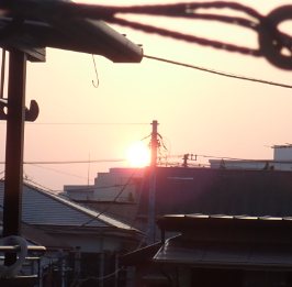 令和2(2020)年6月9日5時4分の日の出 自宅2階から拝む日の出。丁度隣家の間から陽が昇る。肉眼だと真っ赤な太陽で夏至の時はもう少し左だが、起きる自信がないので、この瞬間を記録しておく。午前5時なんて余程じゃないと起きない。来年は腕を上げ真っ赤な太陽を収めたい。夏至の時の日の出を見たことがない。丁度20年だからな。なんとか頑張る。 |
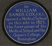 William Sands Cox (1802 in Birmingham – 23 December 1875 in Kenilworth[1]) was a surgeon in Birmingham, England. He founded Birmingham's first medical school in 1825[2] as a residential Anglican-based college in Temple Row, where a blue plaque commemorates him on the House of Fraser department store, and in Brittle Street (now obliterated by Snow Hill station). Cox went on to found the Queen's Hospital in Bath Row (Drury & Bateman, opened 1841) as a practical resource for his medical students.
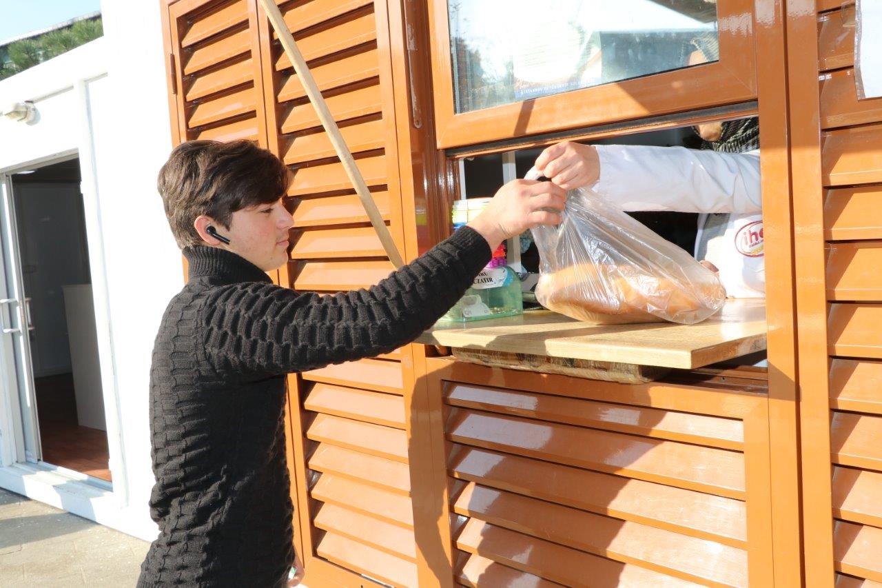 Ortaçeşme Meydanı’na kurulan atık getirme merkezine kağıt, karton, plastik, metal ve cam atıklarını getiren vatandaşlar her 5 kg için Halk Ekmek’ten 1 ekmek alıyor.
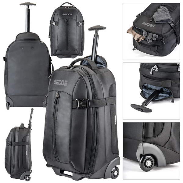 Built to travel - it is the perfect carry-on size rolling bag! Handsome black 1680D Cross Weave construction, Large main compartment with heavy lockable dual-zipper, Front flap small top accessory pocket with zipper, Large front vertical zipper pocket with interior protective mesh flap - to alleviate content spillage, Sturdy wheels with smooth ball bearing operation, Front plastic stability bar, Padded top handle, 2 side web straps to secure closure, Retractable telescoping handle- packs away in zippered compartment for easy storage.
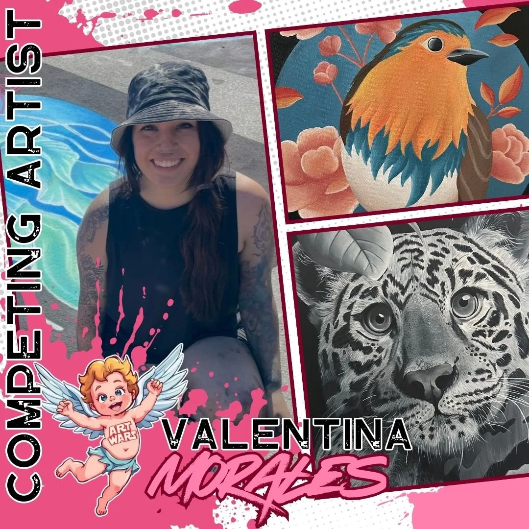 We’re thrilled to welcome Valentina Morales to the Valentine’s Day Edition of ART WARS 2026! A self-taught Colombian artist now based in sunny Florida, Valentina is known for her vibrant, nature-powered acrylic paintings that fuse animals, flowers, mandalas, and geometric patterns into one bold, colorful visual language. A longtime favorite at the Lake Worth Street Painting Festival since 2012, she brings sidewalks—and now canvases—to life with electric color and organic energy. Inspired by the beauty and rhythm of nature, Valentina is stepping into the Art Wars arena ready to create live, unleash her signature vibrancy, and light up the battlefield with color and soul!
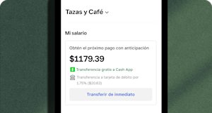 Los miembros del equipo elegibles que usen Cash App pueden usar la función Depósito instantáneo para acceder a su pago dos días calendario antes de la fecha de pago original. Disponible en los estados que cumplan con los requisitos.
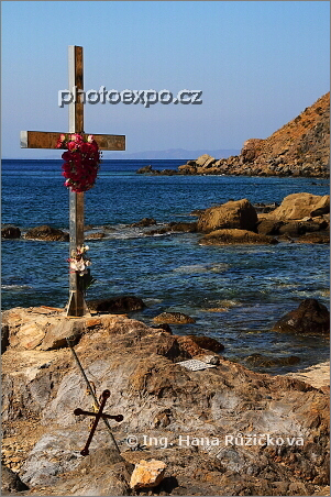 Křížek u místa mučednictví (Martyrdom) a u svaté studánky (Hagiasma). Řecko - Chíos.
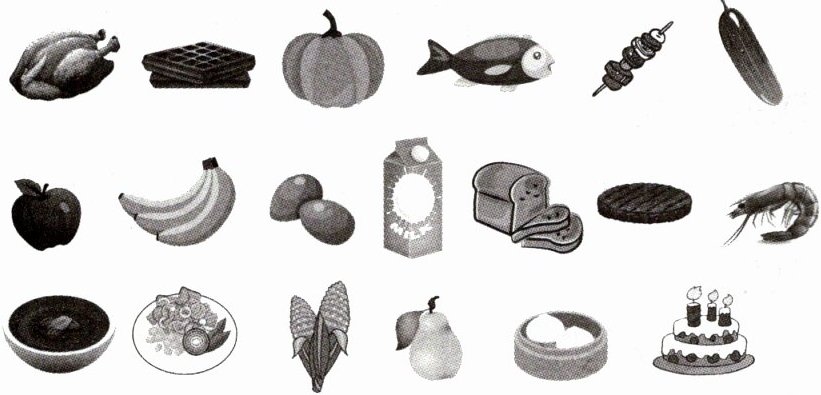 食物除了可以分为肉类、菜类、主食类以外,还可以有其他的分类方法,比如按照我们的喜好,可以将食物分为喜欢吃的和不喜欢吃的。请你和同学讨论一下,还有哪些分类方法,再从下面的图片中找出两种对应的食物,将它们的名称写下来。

TASK STATEMENT >> All of the lines above must be repeated without alteration, though the pictures are to be excluded.

SOLUTION FOR THIS PROBLEM >>
 令和2(2020)年6月9日5時4分の日の出 自宅2階から拝む日の出。丁度隣家の間から陽が昇る。肉眼だと真っ赤な太陽で夏至の時はもう少し左だが、起きる自信がないので、この瞬間を記録しておく。午前5時なんて余程じゃないと起きない。来年は腕を上げ真っ赤な太陽を収めたい。夏至の時の日の出を見たことがない。丁度20年だからな。なんとか頑張る。 |
 William Sands Cox (1802 in Birmingham – 23 December 1875 in Kenilworth[1]) was a surgeon in Birmingham, England. He founded Birmingham's first medical school in 1825[2] as a residential Anglican-based college in Temple Row, where a blue plaque commemorates him on the House of Fraser department store, and in Brittle Street (now obliterated by Snow Hill station). Cox went on to found the Queen's Hospital in Bath Row (Drury & Bateman, opened 1841) as a practical resource for his medical students.
 Ortaçeşme Meydanı’na kurulan atık getirme merkezine kağıt, karton, plastik, metal ve cam atıklarını getiren vatandaşlar her 5 kg için Halk Ekmek’ten 1 ekmek alıyor.
 Built to travel - it is the perfect carry-on size rolling bag! Handsome black 1680D Cross Weave construction, Large main compartment with heavy lockable dual-zipper, Front flap small top accessory pocket with zipper, Large front vertical zipper pocket with interior protective mesh flap - to alleviate content spillage, Sturdy wheels with smooth ball bearing operation, Front plastic stability bar, Padded top handle, 2 side web straps to secure closure, Retractable telescoping handle- packs away in zippered compartment for easy storage.
 We’re thrilled to welcome Valentina Morales to the Valentine’s Day Edition of ART WARS 2026! A self-taught Colombian artist now based in sunny Florida, Valentina is known for her vibrant, nature-powered acrylic paintings that fuse animals, flowers, mandalas, and geometric patterns into one bold, colorful visual language. A longtime favorite at the Lake Worth Street Painting Festival since 2012, she brings sidewalks—and now canvases—to life with electric color and organic energy. Inspired by the beauty and rhythm of nature, Valentina is stepping into the Art Wars arena ready to create live, unleash her signature vibrancy, and light up the battlefield with color and soul!
 Los miembros del equipo elegibles que usen Cash App pueden usar la función Depósito instantáneo para acceder a su pago dos días calendario antes de la fecha de pago original. Disponible en los estados que cumplan con los requisitos.
 Křížek u místa mučednictví (Martyrdom) a u svaté studánky (Hagiasma). Řecko - Chíos.
 食物除了可以分为肉类、菜类、主食类以外,还可以有其他的分类方法,比如按照我们的喜好,可以将食物分为喜欢吃的和不喜欢吃的。请你和同学讨论一下,还有哪些分类方法,再从下面的图片中找出两种对应的食物,将它们的名称写下来。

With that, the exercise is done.